__Problem to solve__
Apart from the pictures, the listing is to be returned exactly.

__Data shown__
== == ==

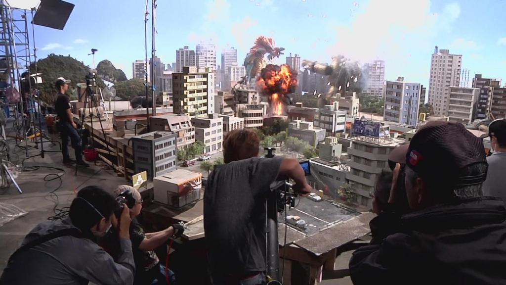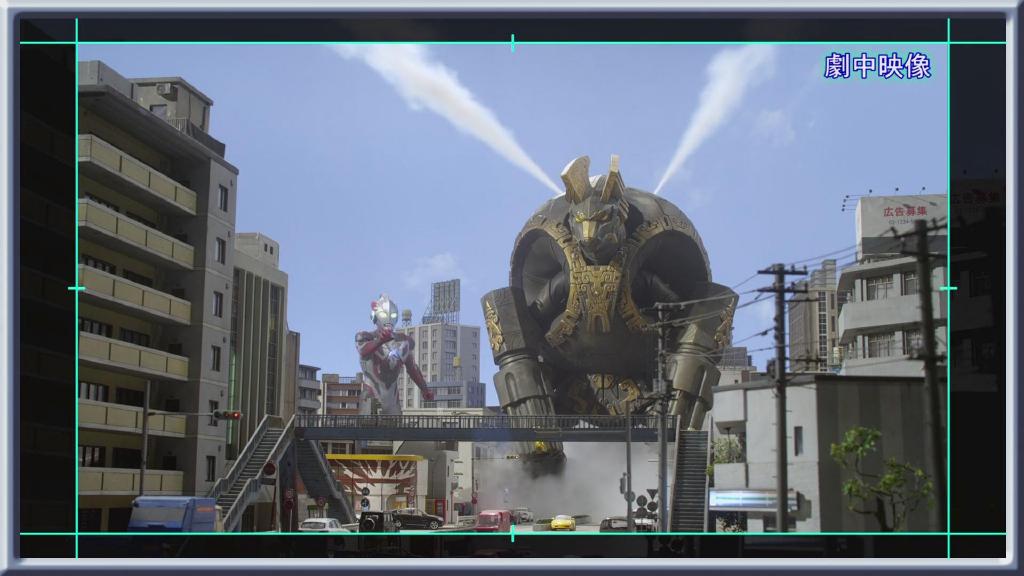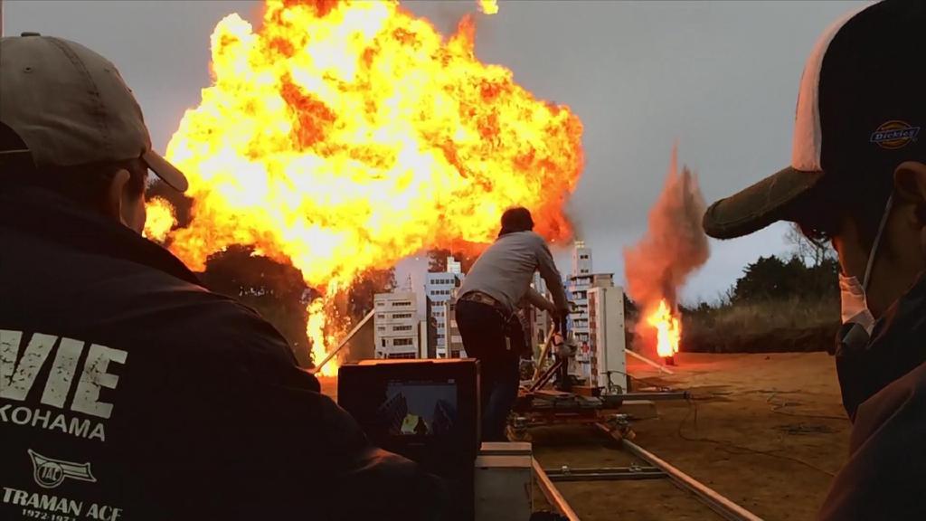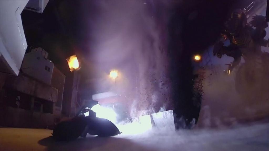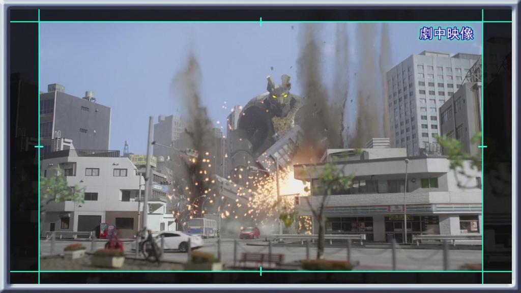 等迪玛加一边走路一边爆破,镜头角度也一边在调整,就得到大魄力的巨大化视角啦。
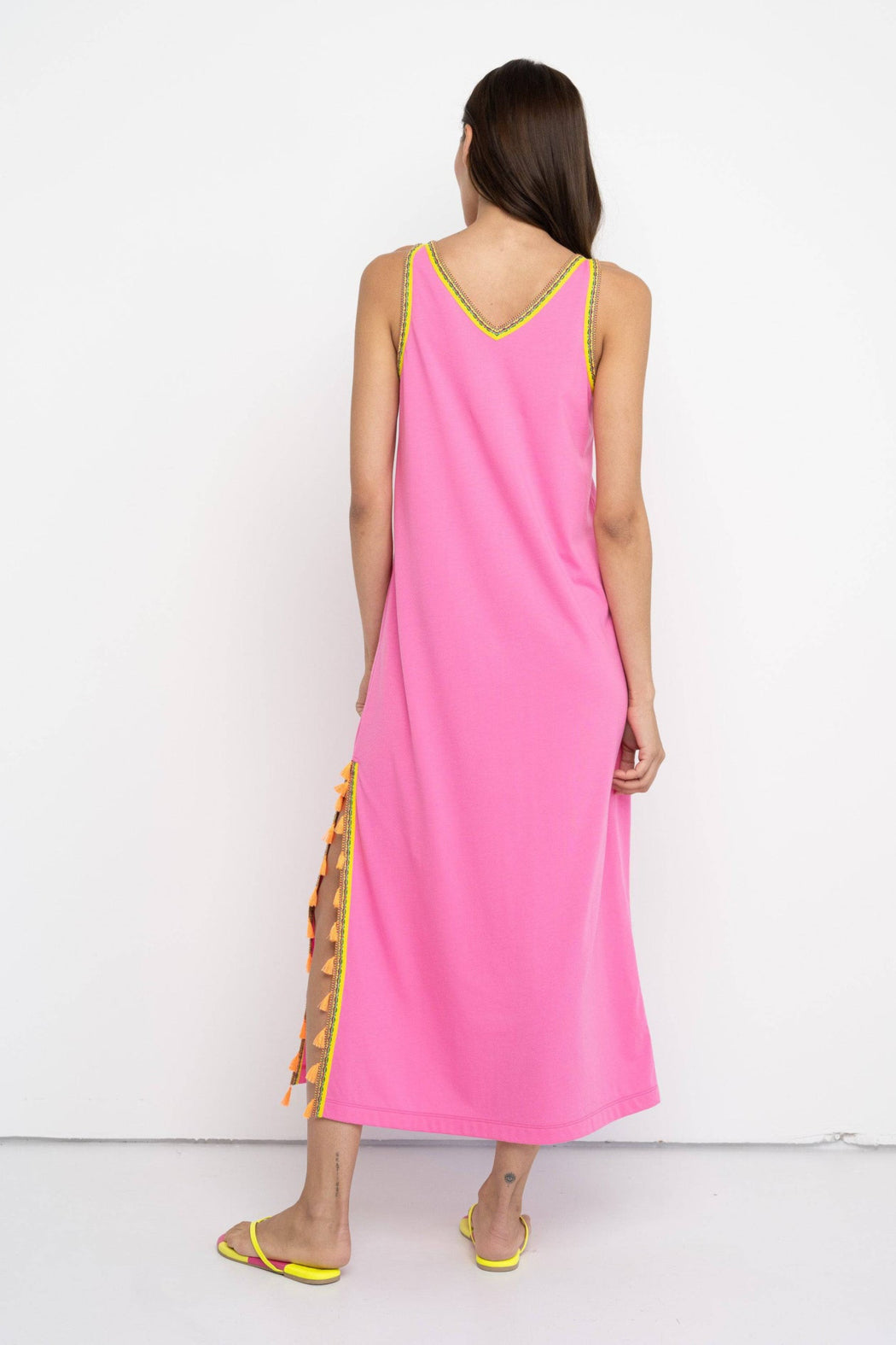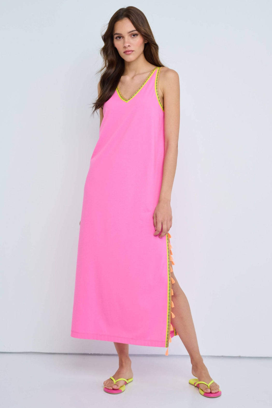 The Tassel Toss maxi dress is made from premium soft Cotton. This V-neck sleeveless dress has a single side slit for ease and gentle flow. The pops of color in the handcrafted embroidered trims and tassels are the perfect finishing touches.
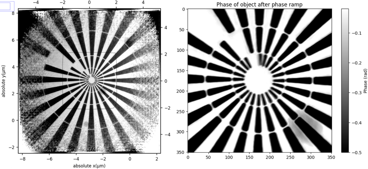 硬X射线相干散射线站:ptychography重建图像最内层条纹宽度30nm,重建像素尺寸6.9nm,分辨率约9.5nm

== == ==

__Solved problem__
 等迪玛加一边走路一边爆破,镜头角度也一边在调整,就得到大魄力的巨大化视角啦。
 The Tassel Toss maxi dress is made from premium soft Cotton. This V-neck sleeveless dress has a single side slit for ease and gentle flow. The pops of color in the handcrafted embroidered trims and tassels are the perfect finishing touches.
 硬X射线相干散射线站:ptychography重建图像最内层条纹宽度30nm,重建像素尺寸6.9nm,分辨率约9.5nm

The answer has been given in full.